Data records
▼

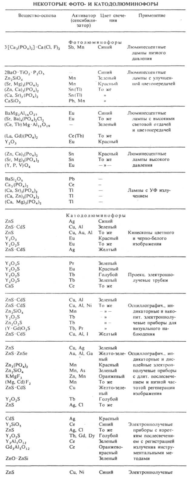 Фотолюминофоры возбуждаются оптич. излучением в диапазоне от вакуумной УФ до ближней ИК области. наиб. широкое применение фотолюминофоры находят в люминесцентных лампах низкого давления. В лампах для общего освещения используют галофосфат Са -3[Са3(РО4)2].Са(Сl, F)2 : Sb, Mn, в лампах высокого давления с исправленной цветопередачей - смеси на основе фосфатов и силикатов, излучающие в синей, зеленой и красной областях спектра. Свечение возбуждается резонансной линией Hg с l = 253,7 нм. Световая отдача (отношение светового потока лампы к мощности) ламп с галофосфатным Л. составляет 85 Лм/Вт, ламп со смесями - от 50 до 60 Лм/Вт. Созданы лампы "нового поколения" с Л. на основе РЗЭ (алюминаты, фосфаты и др.), сочетающие высокую светоотдачу ( ~ 95 Лм/Вт) с высоким качеством цветопередачи. Фотолюминофоры применяют для исправления цветности ламп высокого давления, ламп, излучающих в УФ области, и т.д. (см. табл.).
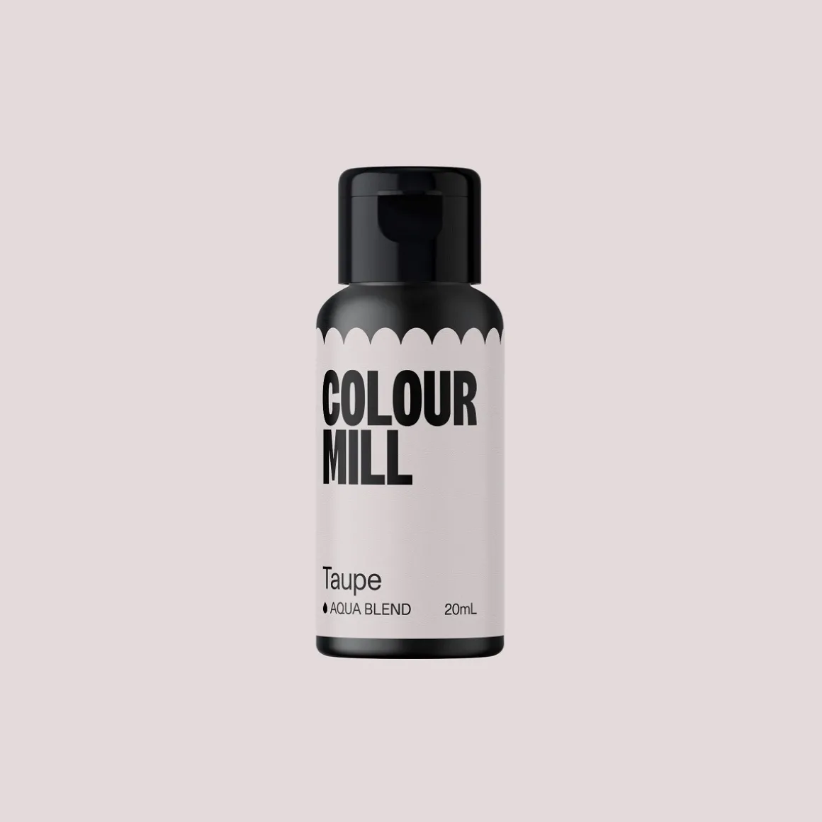 Colour Mill Aqua Blend Kleurstof Taupe 20ml heeft een prachtige taupe kleur. Taupe is een kleur die tussen grijs en bruin inzit. De kleurstof is gemaakt op waterbasis, dat betekent dat deze gebruikt kan worden voor het kleuren van producten die gevoelig zijn voor vet en olie. Zo kun je deze kleurstof gebruiken voor het kleuren van macarons en meringues. Ook voor het kleuren van royal icing en fondant is de kleurstof ideaal. Aqua blends zijn NIET geschikt voor vette producten, zoals chocolade, cakebeslag en candy melts. Daarvoor kun je het beste de oil blends van Colour Mill gebruiken.
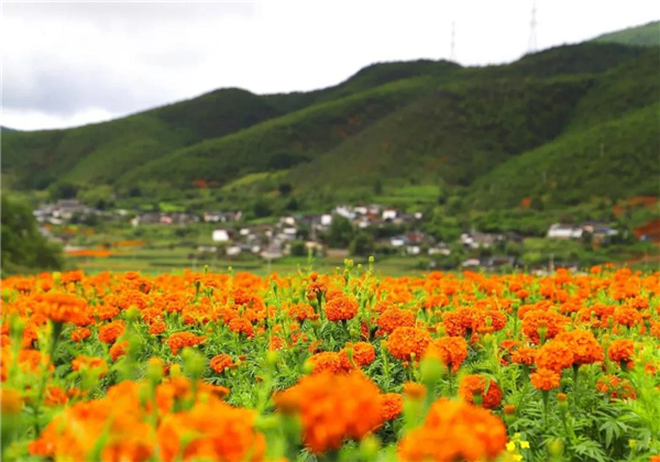花簇與山川、屋舍、田園相融自成畫卷,美不勝收鮮艷的花在天空下從門前一直鋪到山坡上猶如一塊華麗的地毯鋪在茵茵芳草之上。在此處游走得久了感覺連村莊都變得熱情似火,充滿希望。
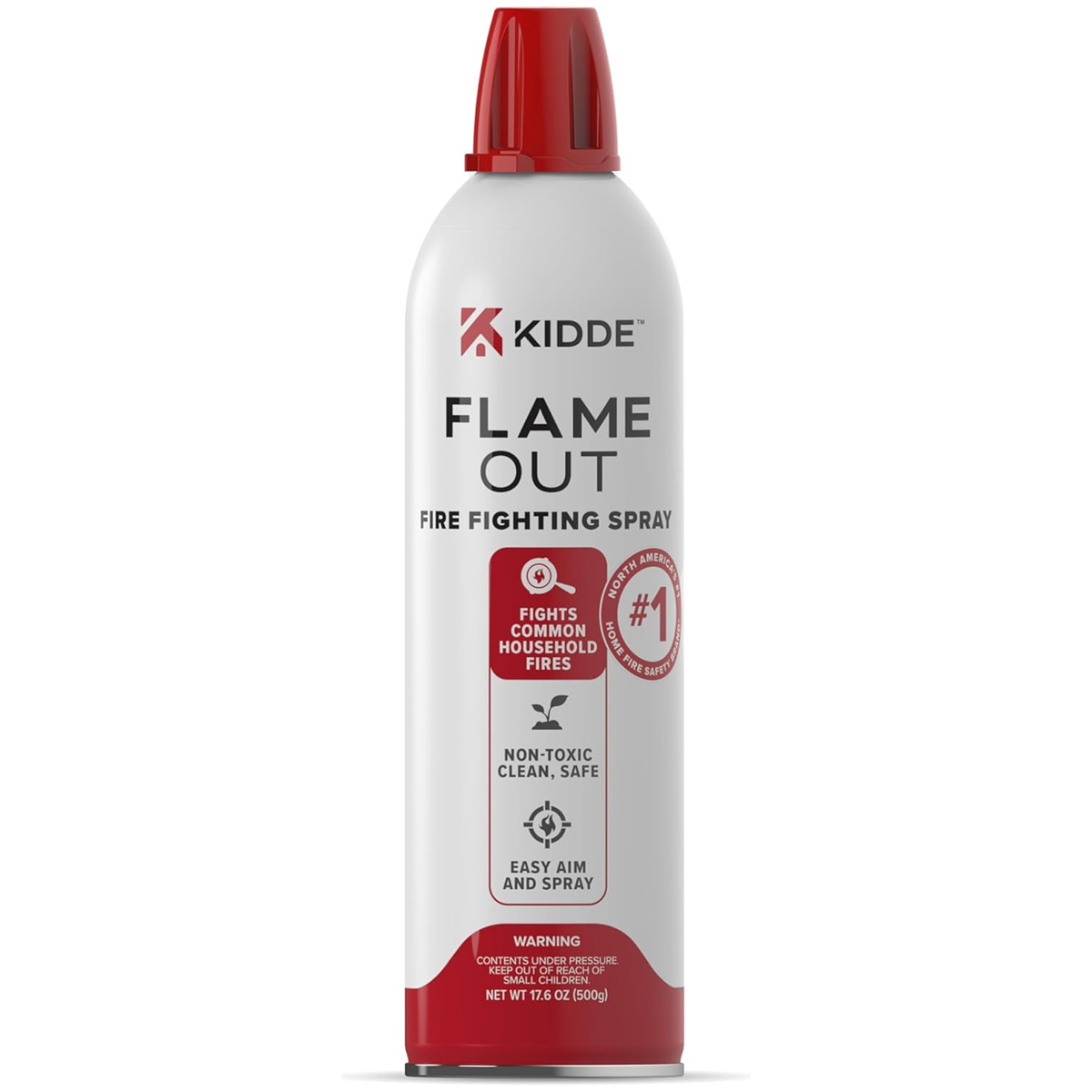 Stop small fires from becoming big fires with Flame Out Fire Fighting spray."".
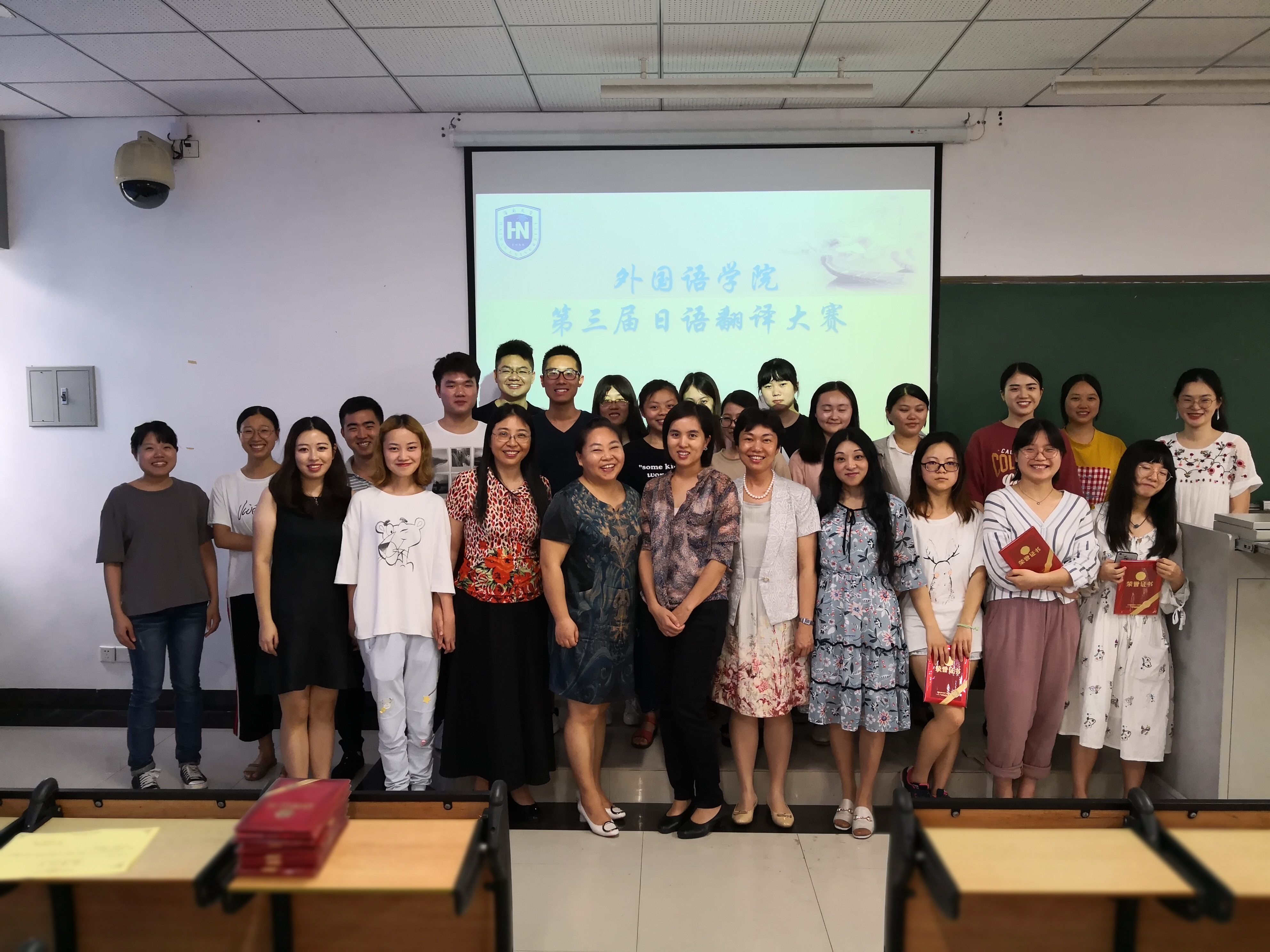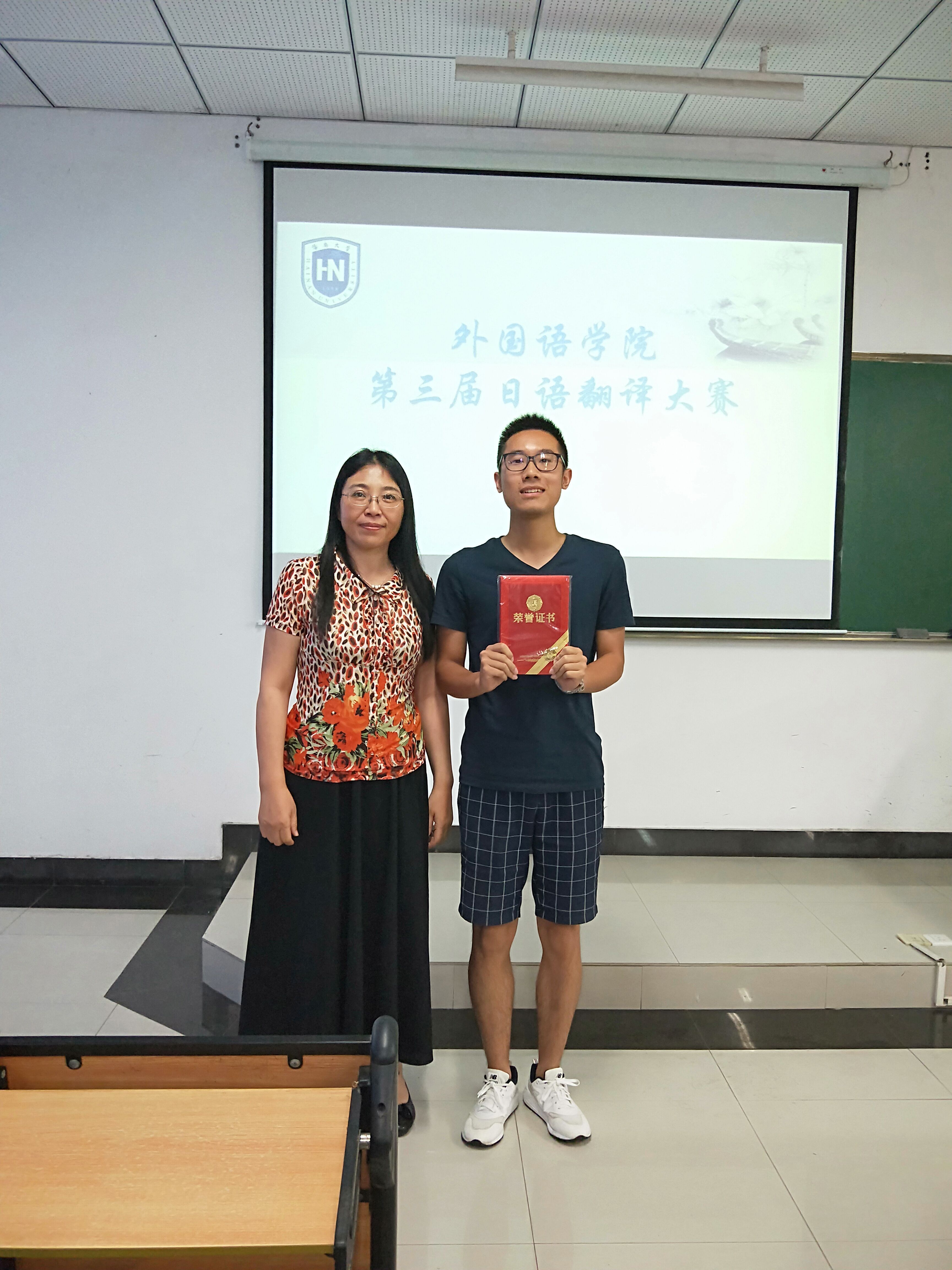 本次选拔赛包括日译汉及汉译日两部分,时间共计30分钟,比赛允许携带纸质词典,但禁止使用手机、电子词典等电子工具。评委根据大屏幕投影呈现的学生试卷答案现场打分,有效确保了比赛的公开、公平和公正。经过角逐,2016级章显宗同学以贴切的翻译、流畅的表达摘得本次比赛桂冠,熊文瑄、刘宸虎、吴宇轩三名同学荣获二等奖,钱晶晶、胡湘若、张满满、刘蕾四名同学荣获三等奖。比赛结束后,日语系主任李明玲老师给获奖选手颁奖并致闭幕词,本次比赛活跃了学生思维、提高了学生的翻译实践能力,为外院学子展现学习成果搭建了有效平台。

▲

**TASK DESCRIPTION:**
Output exactly, and only, the lines running from the line containing "Colour Mill Aqua" to the last line of the entries above, omitting the pictures.

**EXPECTED OUTPUT:**
 Colour Mill Aqua Blend Kleurstof Taupe 20ml heeft een prachtige taupe kleur. Taupe is een kleur die tussen grijs en bruin inzit. De kleurstof is gemaakt op waterbasis, dat betekent dat deze gebruikt kan worden voor het kleuren van producten die gevoelig zijn voor vet en olie. Zo kun je deze kleurstof gebruiken voor het kleuren van macarons en meringues. Ook voor het kleuren van royal icing en fondant is de kleurstof ideaal. Aqua blends zijn NIET geschikt voor vette producten, zoals chocolade, cakebeslag en candy melts. Daarvoor kun je het beste de oil blends van Colour Mill gebruiken.
花簇與山川、屋舍、田園相融自成畫卷,美不勝收鮮艷的花在天空下從門前一直鋪到山坡上猶如一塊華麗的地毯鋪在茵茵芳草之上。在此處游走得久了感覺連村莊都變得熱情似火,充滿希望。
 Stop small fires from becoming big fires with Flame Out Fire Fighting spray."".
 本次选拔赛包括日译汉及汉译日两部分,时间共计30分钟,比赛允许携带纸质词典,但禁止使用手机、电子词典等电子工具。评委根据大屏幕投影呈现的学生试卷答案现场打分,有效确保了比赛的公开、公平和公正。经过角逐,2016级章显宗同学以贴切的翻译、流畅的表达摘得本次比赛桂冠,熊文瑄、刘宸虎、吴宇轩三名同学荣获二等奖,钱晶晶、胡湘若、张满满、刘蕾四名同学荣获三等奖。比赛结束后,日语系主任李明玲老师给获奖选手颁奖并致闭幕词,本次比赛活跃了学生思维、提高了学生的翻译实践能力,为外院学子展现学习成果搭建了有效平台。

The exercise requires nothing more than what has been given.